2.3. B3×2CV-based variance estimation

Wang et al. [24] proposed a new technology, B3×2CV, based on three replications of two-fold cross-validation and demonstrated its superiority in algorithm comparison. We apply it to the variance estimation in high-dimensional regression. We randomly split the sample into four approximately equally sized disjointed parts denoted as $L_j$,j = 1, 2, 3, 4. Then, we obtain three groups with six combinations by pairwise combination. Let Group 1: $\left\{\right(L_1,L_2),(L_3,L_4\left)\right\}$; Group 2: $\left\{\right(L_1,L_3),(L_2,L_4\left)\right\}$; Group 3: $\left\{\right(L_1,L_4),(L_2,L_3\left)\right\}$ denote the three groups, respectively.

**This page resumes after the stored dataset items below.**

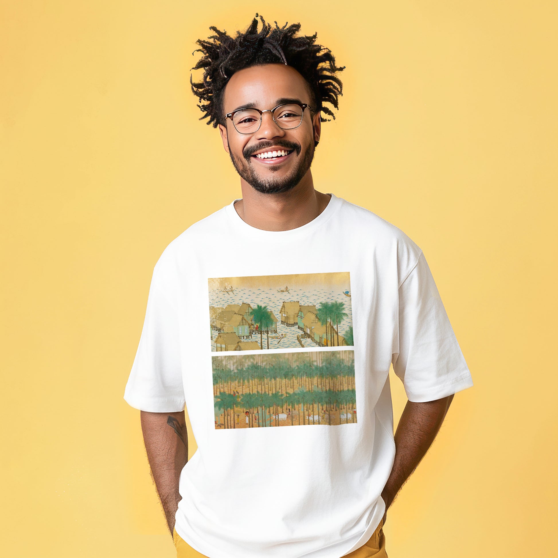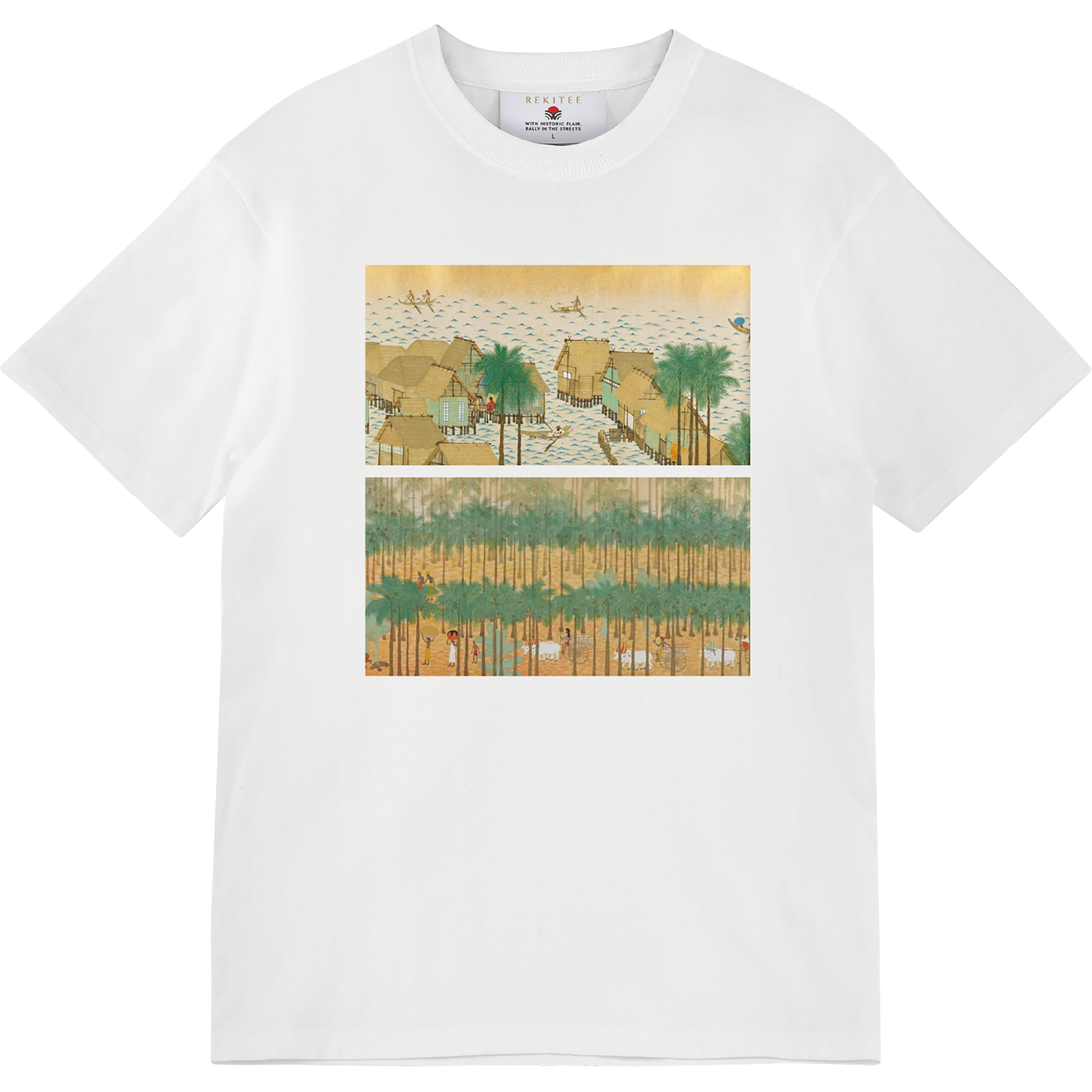This nearly 10-meter-long scroll was inspired by Imamura Shikō's travels to India. The section titled "Morning" portrays waterside lifestyles in Singapore and Penang, employing innovative techniques such as vibrant colors and pointillism. These elements reflect Shikō’s creative experimentation and artistic development during this period.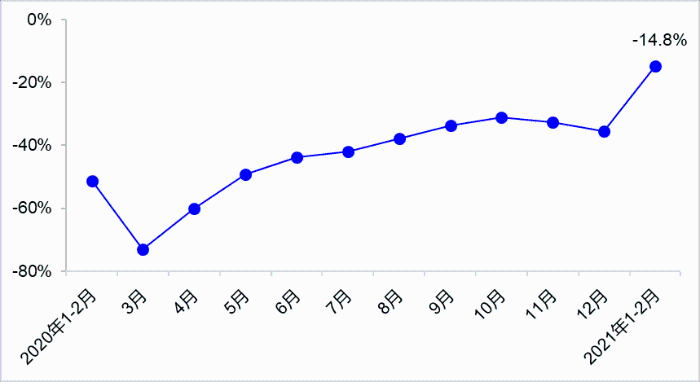 1—2月,完成營業(yè)性客運量12.4億人,比2020年同期、2019年同期分別下降14.8%和58.6%,其中公路營業(yè)性客運量比2020年同期下降19.2%,水路客運量比2020年同期增長20.7%。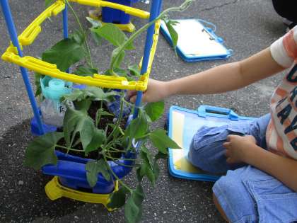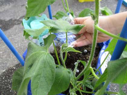 今日は、追肥をして、久しぶりにあさがおの観察カードを書きました。つるが伸びてきている鉢もたくさんあり、子供たちはまじまじと観察していました。「一番大きな葉っぱはぼくの手のひらくらいだよ!」「白い毛がたくさん生えていて、触ると気持ちいい!」など、五感をしっかり使ってじっくり観察していた子供たちでした。

We use ${\hat{\sigma }}_i^2$(i = 1, 2, 3) to denote the estimation obtained by estimating the variance on Group i, i = 1, 2, 3; ${\hat{\sigma }}_{i,k}^2$(i = 1, 2, 3; k = 1, 2) represents the estimation of kth data set of Group i. Let $({\mathbf{y}}_1^{\left(i\right)},{\mathbf{X}}_1^{\left(i\right)})$ denotes the first data set of Group i; $({\mathbf{y}}_2^{\left(i\right)},{\mathbf{X}}_2^{\left(i\right)})$ denotes the second data set of Group i. The B3×2CV-based variance estimation can be obtained by the following steps.

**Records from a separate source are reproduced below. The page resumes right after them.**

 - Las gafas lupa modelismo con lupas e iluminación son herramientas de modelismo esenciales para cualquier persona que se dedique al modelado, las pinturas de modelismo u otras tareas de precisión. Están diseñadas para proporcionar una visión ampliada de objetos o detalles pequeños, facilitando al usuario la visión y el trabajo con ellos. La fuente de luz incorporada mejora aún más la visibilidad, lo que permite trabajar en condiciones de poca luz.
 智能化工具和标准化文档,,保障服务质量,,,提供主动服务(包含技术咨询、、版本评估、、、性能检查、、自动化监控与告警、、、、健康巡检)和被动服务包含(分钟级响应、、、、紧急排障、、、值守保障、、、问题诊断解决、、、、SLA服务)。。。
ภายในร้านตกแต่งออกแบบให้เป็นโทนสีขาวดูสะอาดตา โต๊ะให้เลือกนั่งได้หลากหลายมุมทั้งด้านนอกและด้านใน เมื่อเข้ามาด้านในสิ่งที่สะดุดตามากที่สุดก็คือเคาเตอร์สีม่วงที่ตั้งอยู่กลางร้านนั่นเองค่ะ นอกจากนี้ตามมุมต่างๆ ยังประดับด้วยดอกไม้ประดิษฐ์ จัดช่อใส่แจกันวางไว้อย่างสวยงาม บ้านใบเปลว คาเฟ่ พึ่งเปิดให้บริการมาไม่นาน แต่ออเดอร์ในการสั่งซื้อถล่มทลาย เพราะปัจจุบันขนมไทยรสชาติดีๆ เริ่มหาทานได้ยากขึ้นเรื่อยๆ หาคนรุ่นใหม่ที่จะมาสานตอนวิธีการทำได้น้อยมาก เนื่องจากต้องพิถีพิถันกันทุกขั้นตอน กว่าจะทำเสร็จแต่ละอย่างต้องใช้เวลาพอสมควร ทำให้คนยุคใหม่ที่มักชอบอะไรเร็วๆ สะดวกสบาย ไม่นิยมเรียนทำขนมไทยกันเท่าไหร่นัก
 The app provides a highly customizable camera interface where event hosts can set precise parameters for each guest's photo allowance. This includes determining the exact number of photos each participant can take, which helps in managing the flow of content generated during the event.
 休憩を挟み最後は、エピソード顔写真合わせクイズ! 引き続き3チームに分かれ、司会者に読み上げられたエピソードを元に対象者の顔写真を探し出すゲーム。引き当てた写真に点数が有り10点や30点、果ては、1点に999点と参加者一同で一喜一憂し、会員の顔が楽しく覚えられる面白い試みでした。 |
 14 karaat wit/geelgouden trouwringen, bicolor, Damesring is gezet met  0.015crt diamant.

Step I A variable selection tool, such as SIS, is performed on six combinations $(L_1,L_2),(L_3,L_4),(L_1,L_3),(L_2,L_4),(L_1,L_4),(L_2,L_3)$. Then, the first $\hat{s}$ variables are selected for each combination. Second, variables are sorted based on the frequency of occurrence in six votes of six combinations. Similarly, the top $\hat{s}$ variables become the selected variable set $\hat{M}$.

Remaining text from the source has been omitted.